1) Criminal Justice twitter was alight the other day about how it is so wrong for any judge to ever advocate sexual assault against prisoners (as happened in the Nassar case). Nice post in Deadspin.
2) Taking advantage of the fact that military families move around all the time, researchers have more evidence that your neighbors’ weight impacts your own.
3) Nice article in Wired about all the really cool film-making video essays now available on Youtube. I’m really going to start digging into these.
4) This joint interview with long-time friends Steven Pinker and Bill Gates was terrific. Both super-smart, super-thoughtful thinkers. And I had not realized I should be reading Gates‘ book reviews.
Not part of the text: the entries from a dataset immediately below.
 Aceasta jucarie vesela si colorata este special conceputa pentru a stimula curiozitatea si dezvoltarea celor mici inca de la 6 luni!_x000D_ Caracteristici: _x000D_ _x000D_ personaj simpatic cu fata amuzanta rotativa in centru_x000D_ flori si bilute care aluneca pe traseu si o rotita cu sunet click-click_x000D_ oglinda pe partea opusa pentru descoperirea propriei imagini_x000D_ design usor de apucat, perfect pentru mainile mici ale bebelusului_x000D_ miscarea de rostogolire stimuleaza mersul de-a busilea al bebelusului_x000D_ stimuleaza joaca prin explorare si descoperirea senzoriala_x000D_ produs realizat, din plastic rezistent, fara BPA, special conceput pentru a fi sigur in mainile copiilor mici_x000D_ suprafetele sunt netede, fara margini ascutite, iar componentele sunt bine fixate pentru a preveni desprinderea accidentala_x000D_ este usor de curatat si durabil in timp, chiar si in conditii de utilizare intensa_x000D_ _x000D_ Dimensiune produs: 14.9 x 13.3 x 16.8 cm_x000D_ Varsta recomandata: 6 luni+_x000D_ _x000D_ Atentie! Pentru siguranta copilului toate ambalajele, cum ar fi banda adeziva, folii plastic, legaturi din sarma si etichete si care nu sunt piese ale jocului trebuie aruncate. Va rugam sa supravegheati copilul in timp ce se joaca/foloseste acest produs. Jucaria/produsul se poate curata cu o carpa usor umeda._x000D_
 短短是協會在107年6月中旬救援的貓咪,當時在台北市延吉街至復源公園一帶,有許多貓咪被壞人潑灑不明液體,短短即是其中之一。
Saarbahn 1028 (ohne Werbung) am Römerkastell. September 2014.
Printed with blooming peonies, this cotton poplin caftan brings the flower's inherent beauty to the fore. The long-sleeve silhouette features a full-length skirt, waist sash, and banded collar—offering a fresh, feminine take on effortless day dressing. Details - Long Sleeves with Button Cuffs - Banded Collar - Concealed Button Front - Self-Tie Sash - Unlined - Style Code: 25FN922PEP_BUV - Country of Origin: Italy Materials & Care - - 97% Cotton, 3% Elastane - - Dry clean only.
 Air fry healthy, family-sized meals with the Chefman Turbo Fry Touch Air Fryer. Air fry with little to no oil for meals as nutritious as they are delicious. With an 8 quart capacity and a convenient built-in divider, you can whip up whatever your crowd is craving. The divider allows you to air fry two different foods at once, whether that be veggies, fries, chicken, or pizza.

PG The motto of the foundation is: “Every life has equal value.” And in your new book, Steven, there’s the idea that we can’t want something good for ourselves without wanting it for everyone. But in truth, I want better things for my husband and my kids than for you. Is that evil, or human?
BG That’s natural. It’s even predicted by evolutionary logic. What makes Papua New Guinea — where there’s no police and revenge after revenge — different from Western society is that when we give ourselves over to the law, we want it to be executed impartially. We gain stability. But if you could get your son off, of course you’ll try.
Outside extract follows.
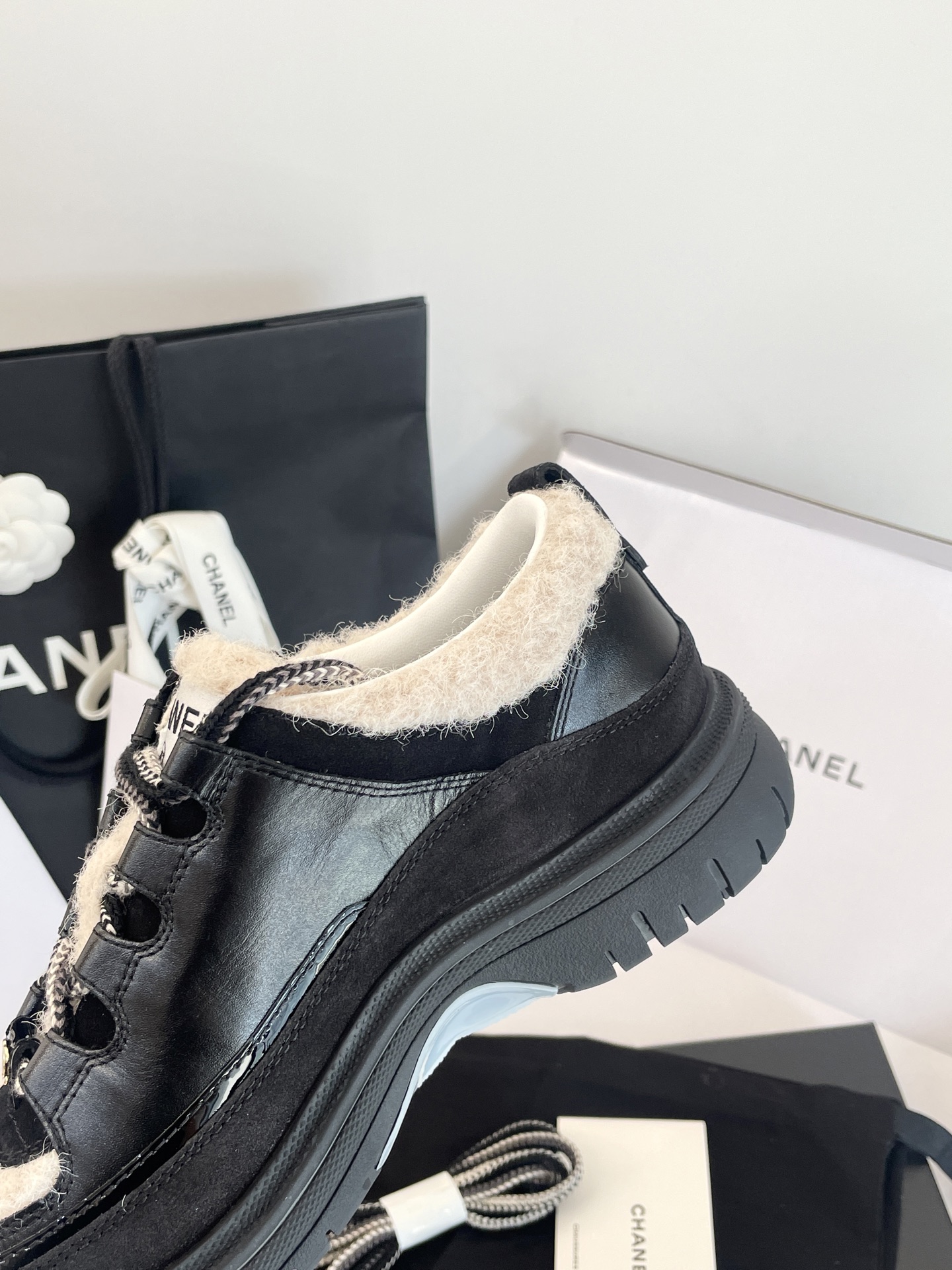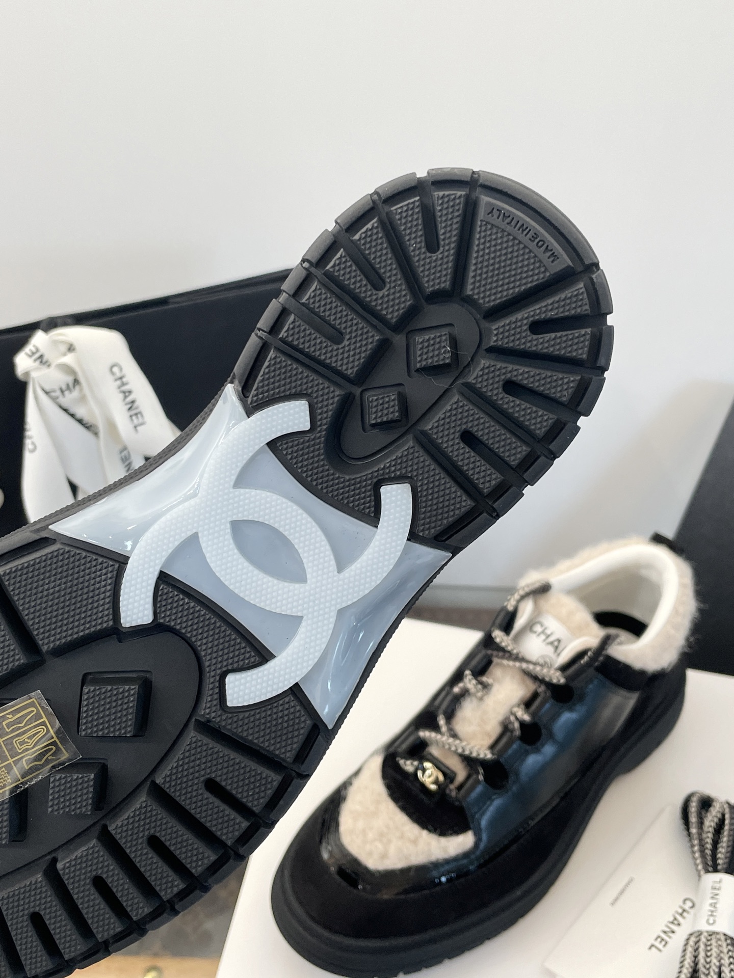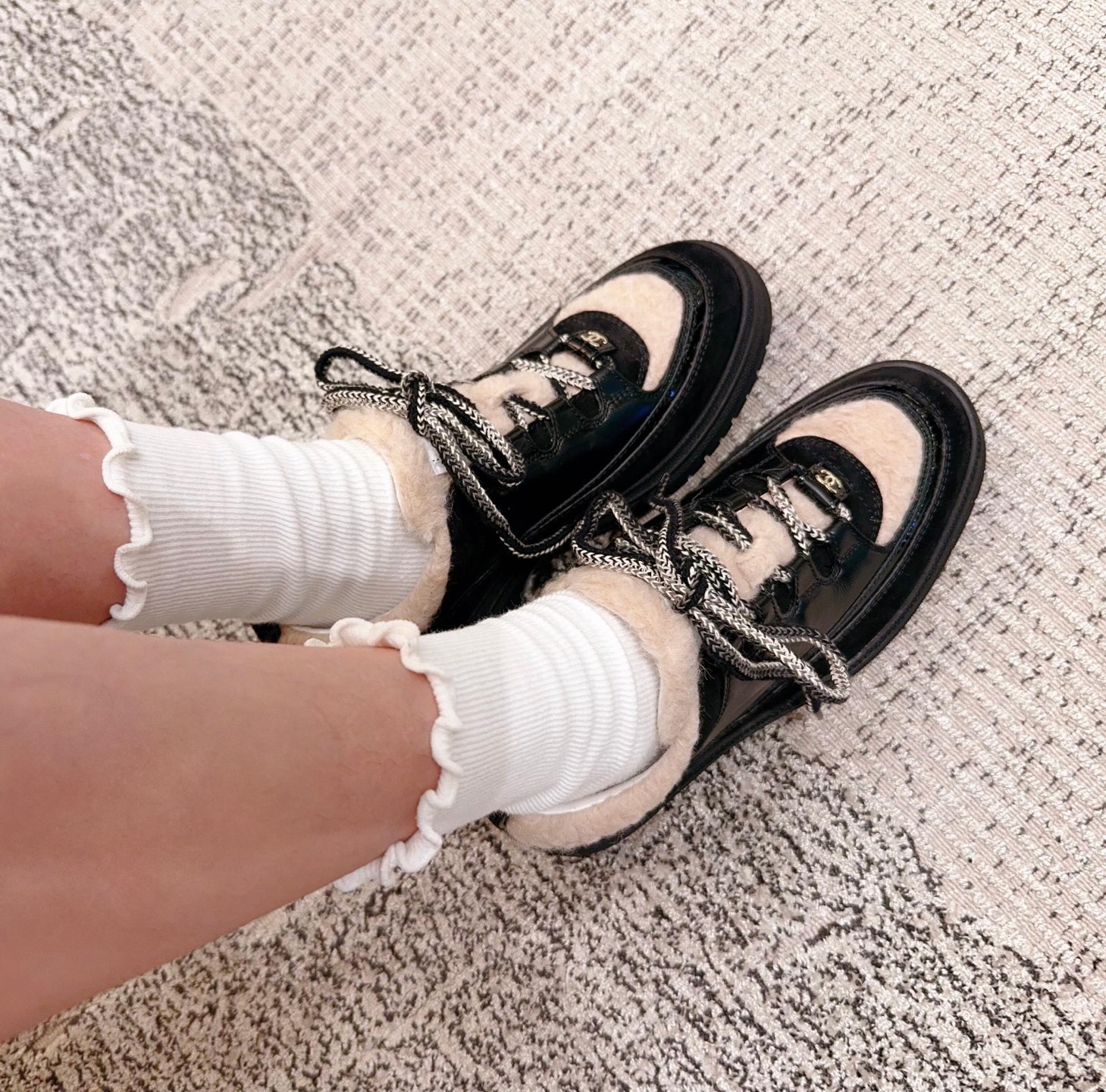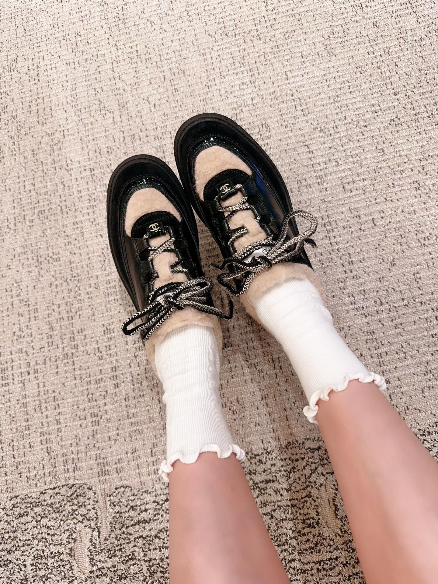 鞋面:亮面小牛皮、牛反絨、牛漆皮,拼接杏色布底羊毛,視覺層次感滿分。

SP You left off a crucial piece in framing the proposition, Philip — which comes from Spinoza. He said those under the influence of reason desire nothing for themselves that they do not desire for all humankind. But reason is not a powerful part of human nature. Innately, we favor family over strangers, our tribe over other tribes. It’s only when we’re called upon to justify our beliefs — not consult our gut feelings, but convince others of the right way to act — that we conclude that all lives have equal value.
5) Scientists are starting to get a better idea of what happens in your body when you exercise. Short version– it’s really complicated. Additional short version– exercise is really, really good for you.
The study helps to clarify some of the body-wide health effects of working out and also underscores just how physiologically complex exercise is.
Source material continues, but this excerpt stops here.